Emanuela Orlandi was 15 years old when she was last seen alive in Rome. Her brother is now explaining why he supports a new theory about his sister’s disappearance, writes The Guardian.
Not long before she disappeared in the summer of 1983, Emanuela Orlandi went to Piazza del Catalone, a small square just outside the Vatican walls, to meet friends.
It was still a party atmosphere during that warm month, just weeks after AS Roma won the Serie A title. In a photo taken at the time, Orlandi, then 15, wears a headband in yellow and red, made by her mother in the colors of the football team. It was one of the last photos taken before she disappeared without a trace on June 22, 1983. Her older brother, Pietro Orlandi, is still searching for answers.
“Emanuela was here with friends,” he said in an interview. “They were still celebrating; it was the last photo taken of her smiling.”
The mystery of the disappearance of Emanuele, who has not been seen by her family since she left her home in the Vatican, where her father was a lay employee in the papal household, has gripped Italy for four decades. But it wasn’t until January of this year that the Vatican began its own investigation, promising to find out the truth in the case that has produced many theories, some of them outlandish, but no concrete facts.

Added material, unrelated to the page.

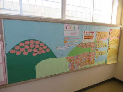 なかよし旬間 公開日 2021/02/03 更新日 2021/02/03 学校全体 比地大小学校は、今、なかよし旬間中(10日まで)です。階段のおどり場の掲示コーナーには、よさやがんばりを認め合った「花咲山カード」がどんどん増えていっているところです。
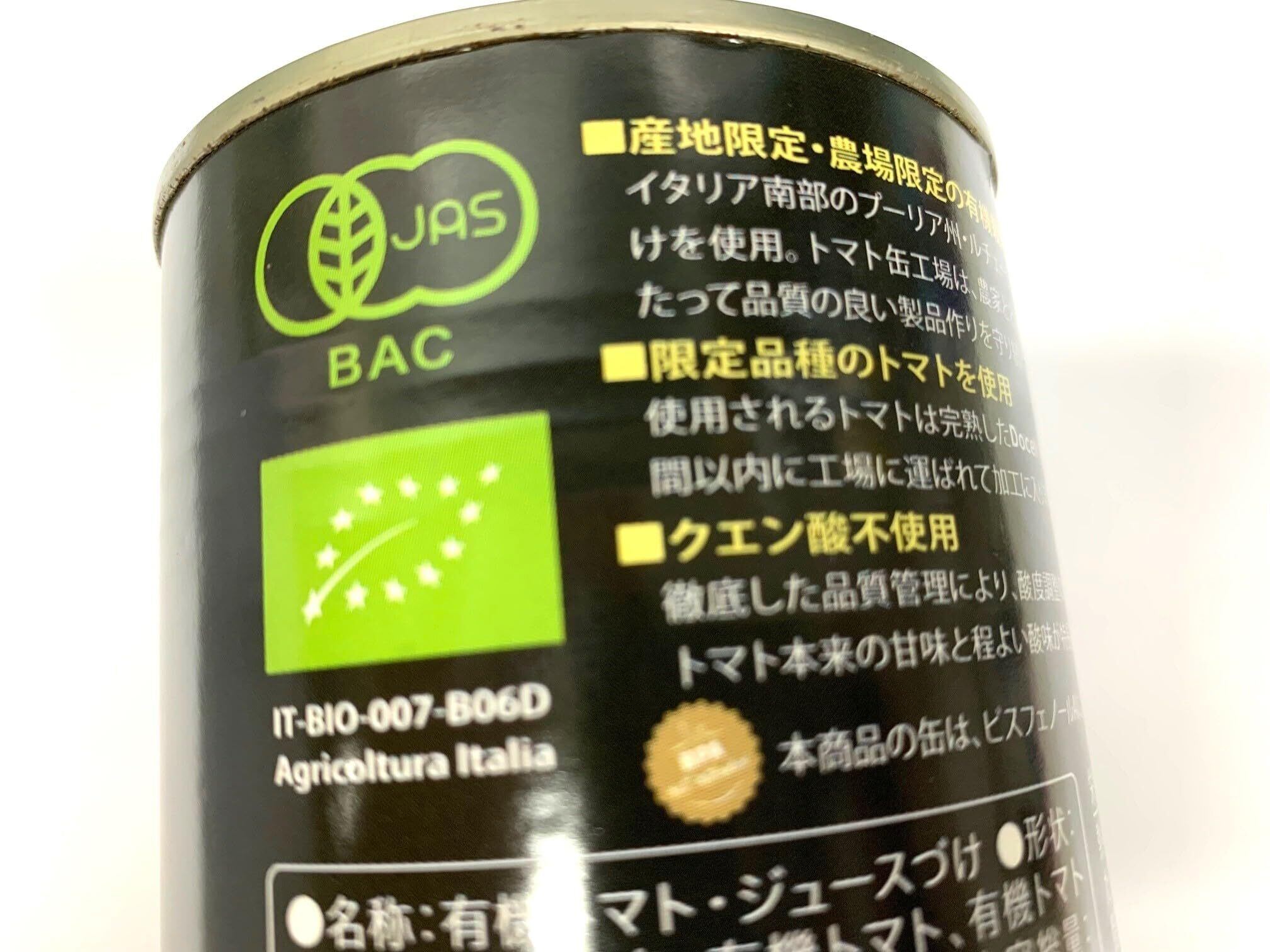 イタリア南部のプーリア州・ルチェーラにある限定農場で栽培された有機トマトだけを使用したダイス、クエン酸不使用

Prosecutors in Rome began cooperating with the Vatican on the investigation this month.
“For 40 years there has never been collaboration between the Vatican and prosecutors,” said Orlandi, who recently sparked controversy after suggesting that the much-revered Pope John Paul II may have been involved in the disappearance of his older sister small. “Until a few years ago, the Vatican said it knew nothing, that she disappeared in Italy and that it should be investigated there. On the other hand, I was told that Rome has a lot of documents. All these years the Vatican has remained silent – maybe that means someone there has evidence of what happened.”
The Vatican’s investigation began months after the Netflix series Vatican Girl brought Emanuele’s case back into the global spotlight. The series explored theories that have emerged over the years, the first being that she was kidnapped by a gang to blackmail the Vatican into releasing Mehmet Ali Ağca, who was jailed in 1981 after attempting to assassinate John Paul II. Her disappearance was also linked to a wave of financial scandals at the Vatican bank, an alleged sex ring run by the Vatican police and the mafia.
Another theory was that Emanuela was taken to London, where she lived for years in a youth home run by a Catholic congregation, with her expenses funded by the Vatican. According to this hypothesis, she died in London before her body was transferred back to Rome and buried in the Vatican. In 2019, two tombs in the Vatican were reopened after it was discovered that Emanuela was buried there. No human remains were found.
But the new, and most startling, claim in the Netflix series came from a childhood friend of Emanuele’s, who said the teenager told her she was molested by “someone close” to John Paul II.
“She said the conversation took place a few days before Emanuela disappeared and that [presupusul incident] it took place in the Vatican gardens,” Orlandi said. That Emanuela was a victim of pedophilia is probably the most plausible theory, she added. “When you know that certain things are done in that environment, you wonder if maybe she wasn’t put in that situation.”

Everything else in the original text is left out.